照れくさそうに顔を赤らめるショタを見て、彼女はもう一度丁寧に礼を告げる。だが、その顔はどこか申し訳無さそうというか、悲しみを帯びていた。
「どうかしたんスか?」
「いえ……たった昨日出会ったばかりの人たちに、本当に迷惑をかけてしまったことが、申し訳なくて……本来なら、私達家族が解決するべきだったのに……」
マーガレットは、昨夜の自分を思い返すと目に涙をためた。やはり、ウォーとの因縁に自分たちの手で決着をつけられなかったことが心残りでもあるようだ。
「私、あの場に居ながら何も出来なくて……」
「そんな事ないっス!」しかし、プリンはマーガレットの言葉を遮ると、彼女の前にずいっと回り込み、彼女の胸に一本のホットドッグを押し付けた。「店長からお昼ごはん用に貰ってた『ホッドッ』ス。昨日、店長が盗賊に食べさせっていうのと同じ奴スよ。食べてみて!」
ホットドッグを受け取ったマーガレットは突然のことに戸惑いつつ、言われるがままにそれを口へ運んだ。
「これは……?どうやって?」
彼女は目を丸くした。なぜなら、そのホットドッグのパンはマーガレットのレシピで作ったものに酷似していたからだ。
プリンはパン工場の方角に目をやると、小さくため息を吐いた。「店長の得意技っス。昨日、店長もマガちゃんのパン食べたから……まぁでも、そんな事、今はどうでもいいっスけどね」
彼女は懐からもう一本ホットドッグを取り出すと、今度は自分でそれを食べた。ケチャップを頬に付けながら、彼女は口を開いた。

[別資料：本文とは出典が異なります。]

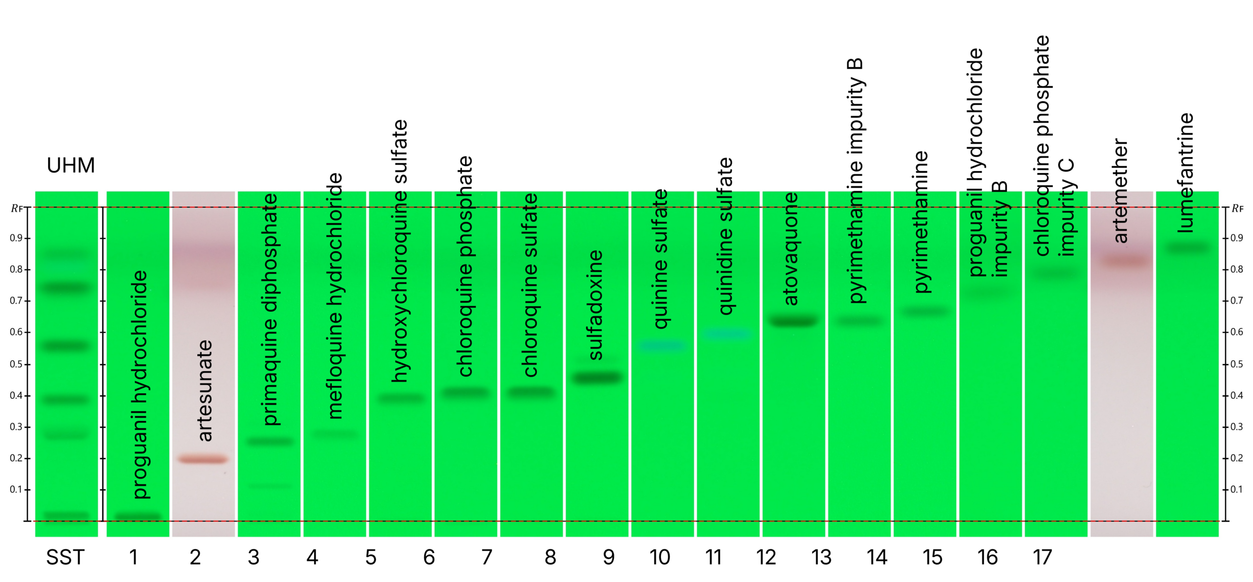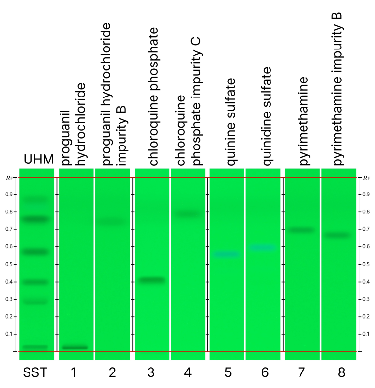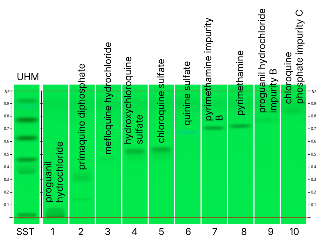 The volumes of the standard solutions were adjusted to achieve appropriate band quality. Proguanil hydrochloride was applied at 1.5 µL. Artemether, lumefantrine, artesunate, pyrimethamine, pyrimethamine impurity B, hydroxychloroquine sulfate, primaquine diphosphate, and chloroquine phosphate were applied at 2.0 µL. Chloroquine sulfate was applied at 3.0 µL. Atovaquone, chloroquine phosphate impurity C, and sulfadoxine were applied at 4.0 µL. Quinine sulfate, quinidine sulfate, and mefloquine hydrochloride were applied at 6.0 µL. Proguanil hydrochloride impurity B was applied at 8.0 µL. The application volume for UHM was 2.0 μL.

「きっと、盗賊はマガちゃんのレシピで作ったパンが美味し過ぎて昇天しちまったんスよ!だから、事件を解決したのはマガちゃんの力!」
「プリンさん……」その主張は半ばこじつけに近い論調だった。しかし、それが彼女の不器用なりの優しさであるとすぐに分かってしまったマーガレットは、結局ホロホロと涙をこぼしてしまった。「ありがとうございます……」
「え?ちょっと、なんで泣くんスか!?」
◇
「おーい、お前ら。そろそろ出発するぞ」
「「はーい」」
散歩から帰ってくると、プリンとショタの二人は早速男に呼ばれた。既に男は御者台に座っており、出発の準備は整っているようだ。
「目的地が決まったぞ。“宗聖寺”っつーお寺だと」馬車の近くまで寄った二人に、男は次の目的地を伝える。だが、寺というものが何か分からず、プリンは頭を傾げた。
「寺……って何スか?」
「東方起源の宗教施設だよ。なんでも、その寺には秘伝のソーセージのレシピがあるらしい」
「私は昔その寺で修行していてな、私からの紹介と伝えれば悪いようにはされないだろう。この『邪無』という名も宗聖寺で授かったもので、元々は『ジャン』というありふれた名前だった……思えば妻と出会ったのもあの時……」
邪無はしみじみと昔話を語りつつ、男に紹介状を手渡した。男は適当に相槌をうちながら、切のいいところで礼を言って話を終わらせると、プリンとショタに声をかけた。「それじゃ、お前ら乗り込め!その寺は遠いらしいからな!一日でも早く到着しねぇと無駄に旅費がかかっちまう!」
二人が馬車に乗ったことを確認すると、男は軽く会釈をして手綱を引いた。ゆっくりと動きだす馬車の幌の隙間から、プリンとショタが頭を出して、邪無達に手を振った。
「邪無さん、マガちゃん、ありがとうまたね!パン工房頑張って!」
「ええ、ありがとう!プリンちゃんもね!」
馬車がスピードを上げてゆく。二人はパン工場が見えなくなるまで手を降り続けた。
◇
「行ってしまいましたね」
「そうだな……不思議な方々だった」
「さて、お父様。それじゃあ早速パン作り、始めましょうか」
「パンを手作りするのは久しぶりだな。しかし、どうしてそこまで手作りにこだわるんだ?」
「お母様が教えてくれたの。『パンは美味しくなるよう愛情を込めて捏ねなさい』って」それは彼女が母親から受け継いだ、美味しいパンを作る秘訣だった。もちろん、男にだって伝えてはいない。「それが一番大事なんですって」彼女は微笑むと、パン作りの準備を始める為に家の中へ入っていった。
それを聞いた邪無は自嘲気味に笑うと、娘の後に続いた。
「なるほど。私に足りなかったのはそれか」
──とある里山に、新しいパン工房が出来た。父と娘、そしてパンゴーレム3体で営まれているその工房は、手作りパンが美味しいと地元で評判のパン屋になった。今日も、パン工房の煙突からは元気に煙が昇っている。